Why is religion in particular such an important component in this type of approach?

Whether we like religions or not, they are – and will remain – part of the fabric of social welfare activities, humanitarian aid, and other responses to need and poverty. Many healthcare services around the world are rooted in faith-based organizations, and health-related services that address poverty and disparities commonly depend on persons who live out a commitment to a service ethic, often based in a religious perspective. Medical “missions,” schools, and food-based aid often depend on funding that comes out of a religious sense of obligatory giving such as, for example, the Christian “tithe,” the Sanskrit concept of dāna (cultivating generosity), or “zakat” (almsgiving), one of the five pillars of Islam. Religion can also profoundly influence social determinants of health (including education as well as stigma and discrimination); attitudes toward gender and suffering; health policies; ethics and law; and how we understand wellness and contagion. Religion is rarely a neutral force, and we all know how sometimes its effect can be toxic. But it can also include opportunities to advance global health.

What do you see are some of the benefits of including religion?

Because religious influences can hurt as well as heal, destroy and control as well as liberate, it’s difficult to do empirical studies that measure reproducible benefits. And religion is not like a magical cooking ingredient that you titrate, add, and stir. Religious viewpoints and practices are rooted in personal perspectives and community relationships that are often complex and even invisible. That said, I think there are a couple of things we can say about why it’s good to recognize religion as part of the social framework in a context of Western medicine and public health: 

First, naming something that is already there (see question 8) validates discussion about it. Such discourse is a vital step in understanding differences. Such naming includes self-reflection. I talk in Beholden (and especially in an earlier book, God Knows There’s Need) about the importance and value of taking time to be transparently honest with ourselves about our own issues of need.
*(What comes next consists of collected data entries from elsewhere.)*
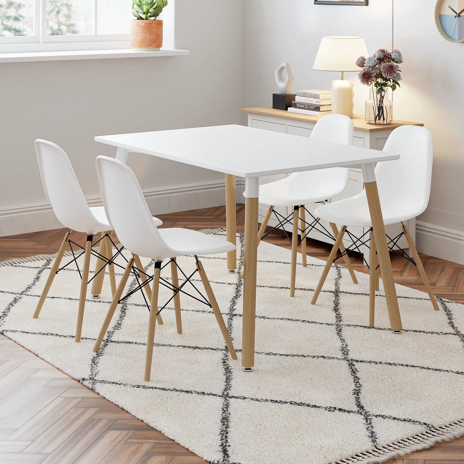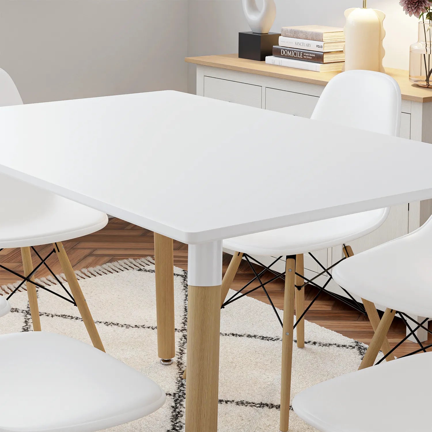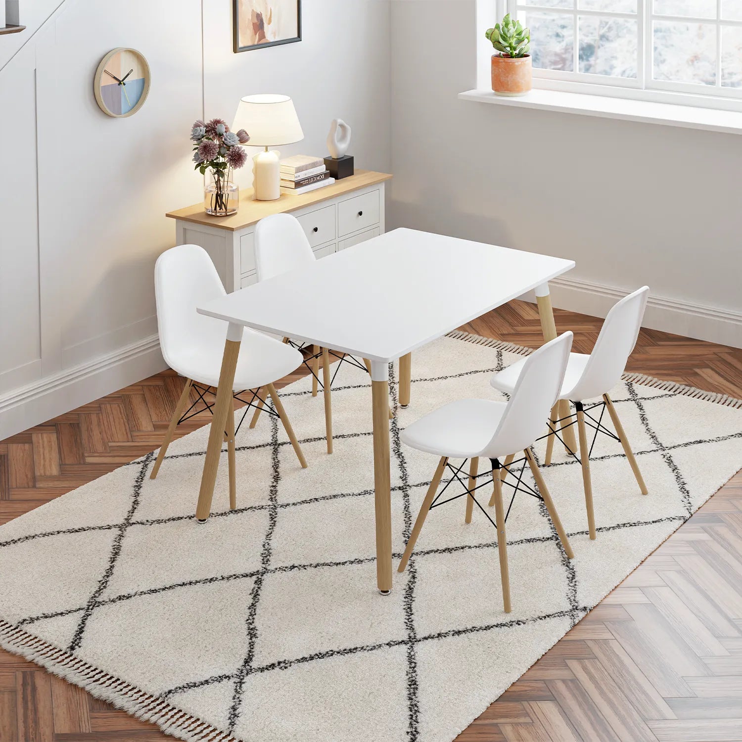 Simplicité et élégance s’unissent dans l’ensemble TĀBLE. Avec sa table blanche aux lignes épurées et ses chaises au design scandinave, il apporte une ambiance lumineuse et moderne à votre espace repas. Parfait pour les petits espaces ou pour créer un coin repas convivial et stylé.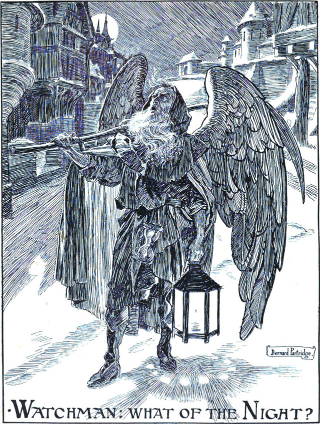 An illustration from a 1900 issue of Punch magazine.  The caption reads: "Watchman: What of the Night?"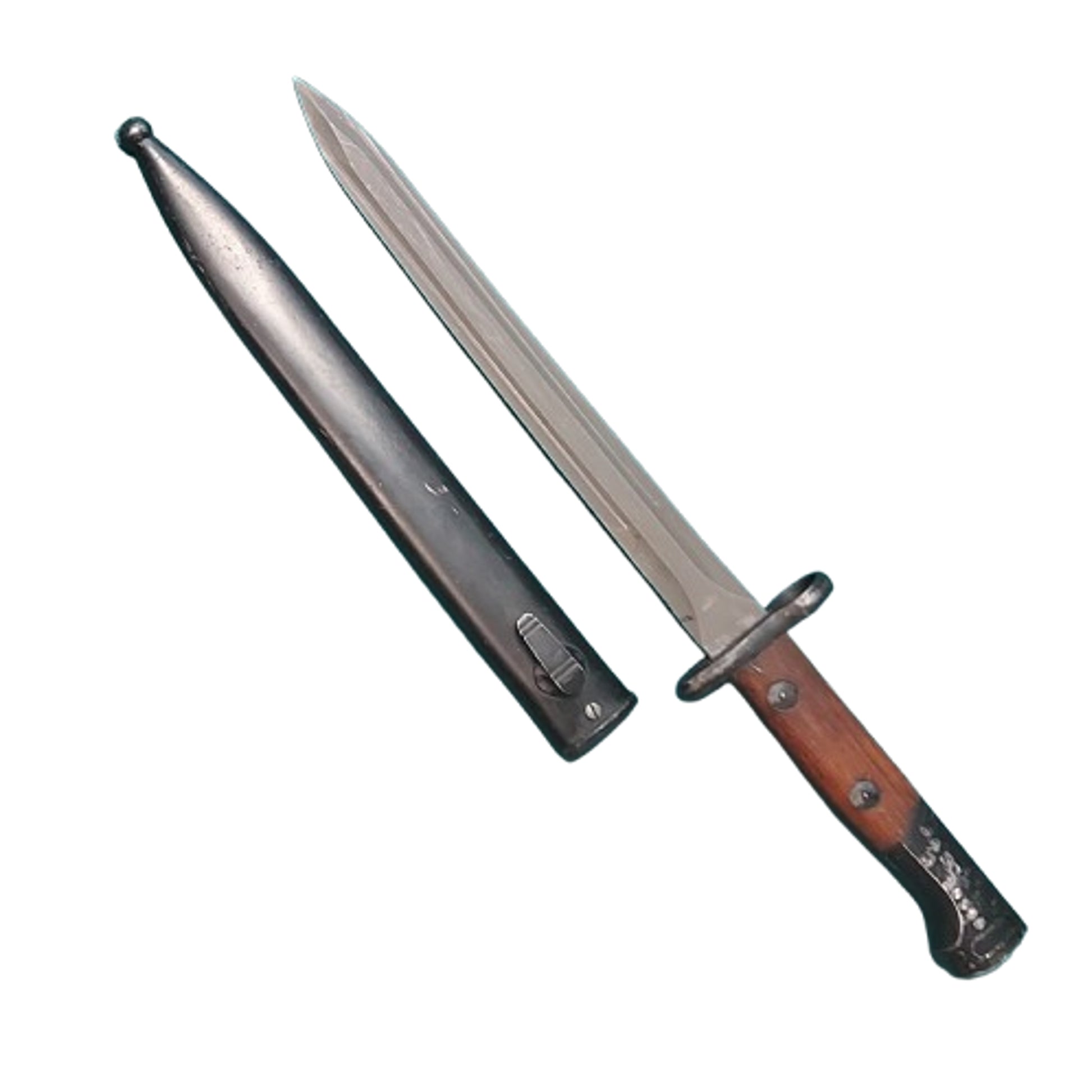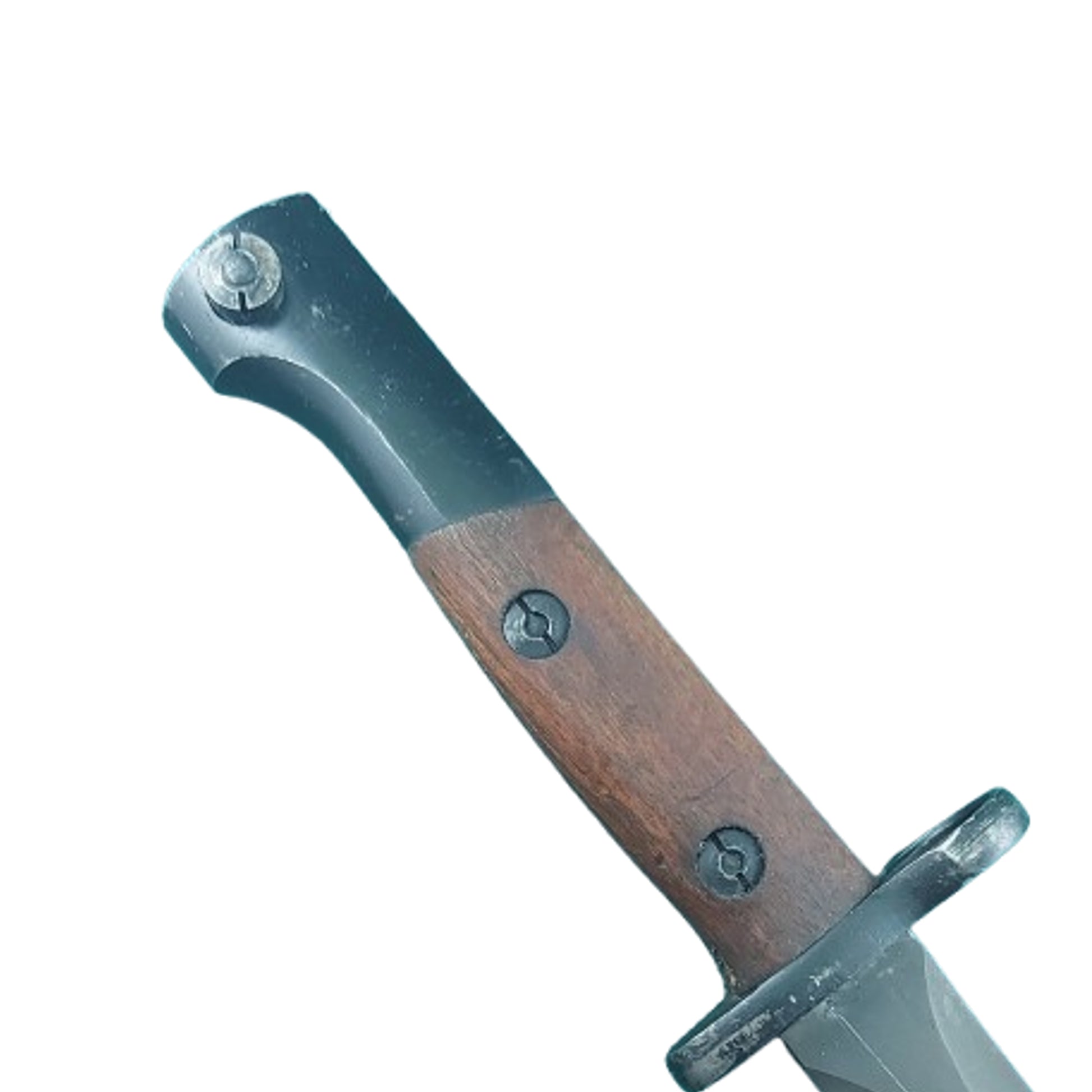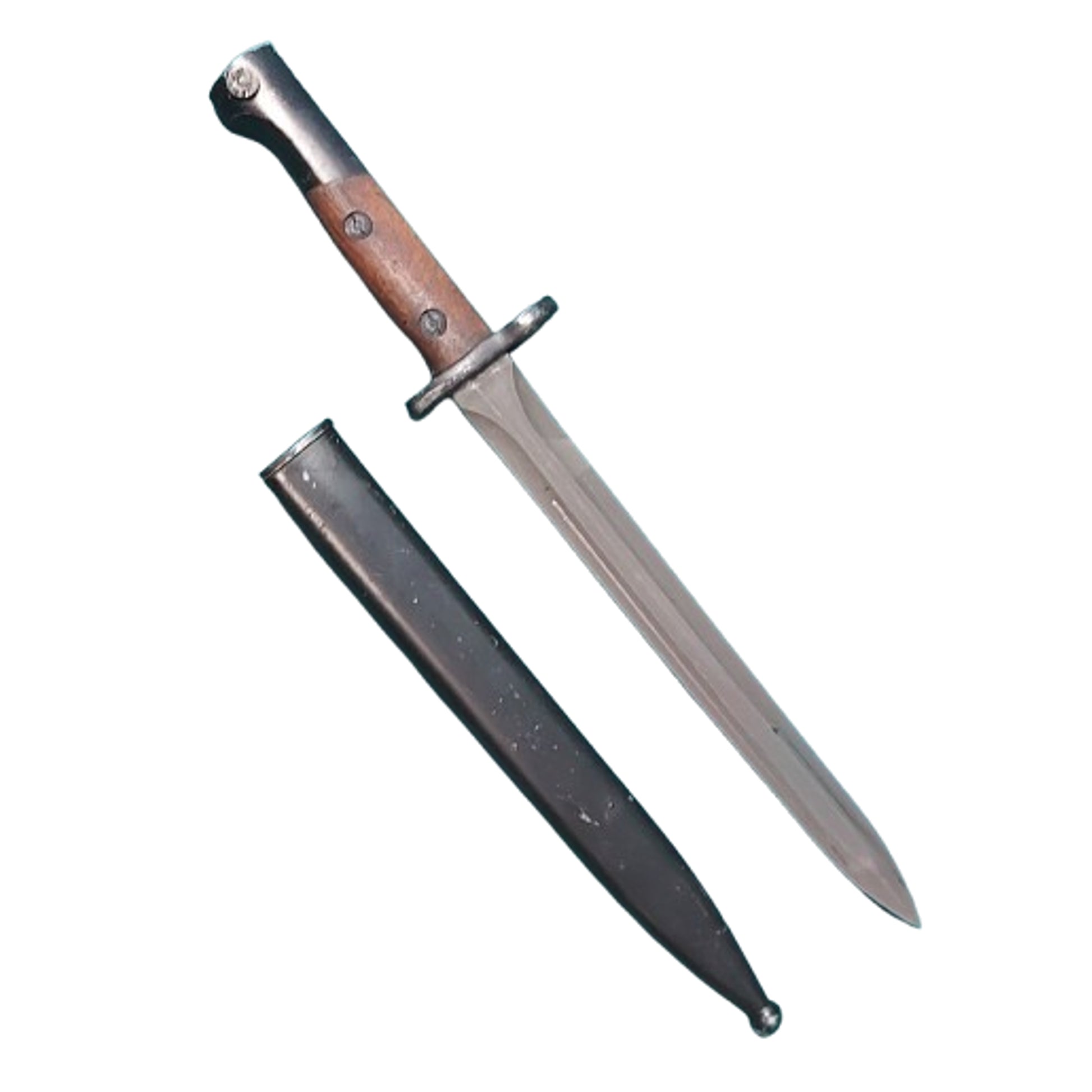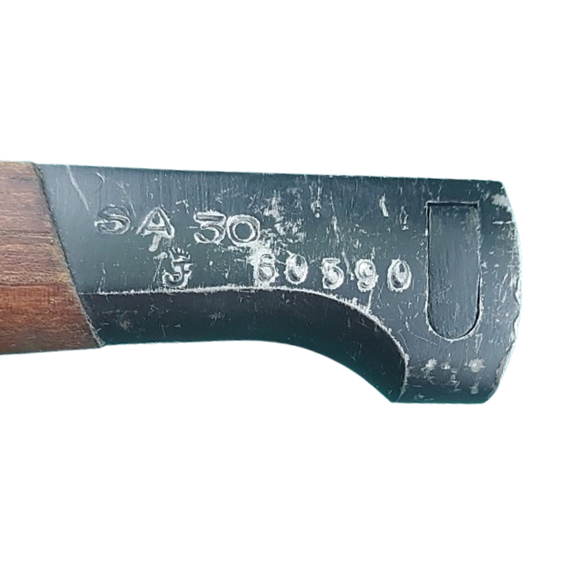 Measuring 14 1/2 inches in total length with a double edged 9 inch parkerized finish blade. 2 piece wood grip panels with functioning release button. Number stamped to the pommel with a single proof mark and SA30. Complete with the numbers matching steel field scabbard. SKU: 62819

How we want to respond to others is shaped by our personal stories, opinions, our neediness as well as our implicit biases. If we belong to a faith community, perhaps seeing it as healing in our own lives, we will want to listen and practice an integrated mindfulness to ensure that our views don’t harm others. I am convinced that the academy – schools of public health, medicine, religion, and community or government service, as well as informal student groups within such settings – is precisely where such discourse can most fruitfully be nurtured in ways that avoid sectarianism and help to train the next generation of global health leaders.

 Second, narratives of community health/religion partnerships can help us avoid repeating disasters from the past, and encourage us before (and when) we teeter on the brink of burnout. The World Bank, for example, recently sponsored a panel of religious leaders who talked about “The power of faith to help end extreme poverty.” The entire November 2014 issue of Forced Migration Review looked at faith-based responses to global displacement, including tensions and health factors. The ARHAP researchers continue to foster both academic and community partnerships in several countries. Some hospitals in the U.S. (Memphis is one example) draw on local religious leaders and their faith communities to help fill the tragic American health care social service gap between hospital discharge and people’s ability to live at home independently. These and other examples offer not just news and research: they offer real-life stories of what does and does not work. As a theme within such narratives, religion can have a positive place in storytelling to empower global health.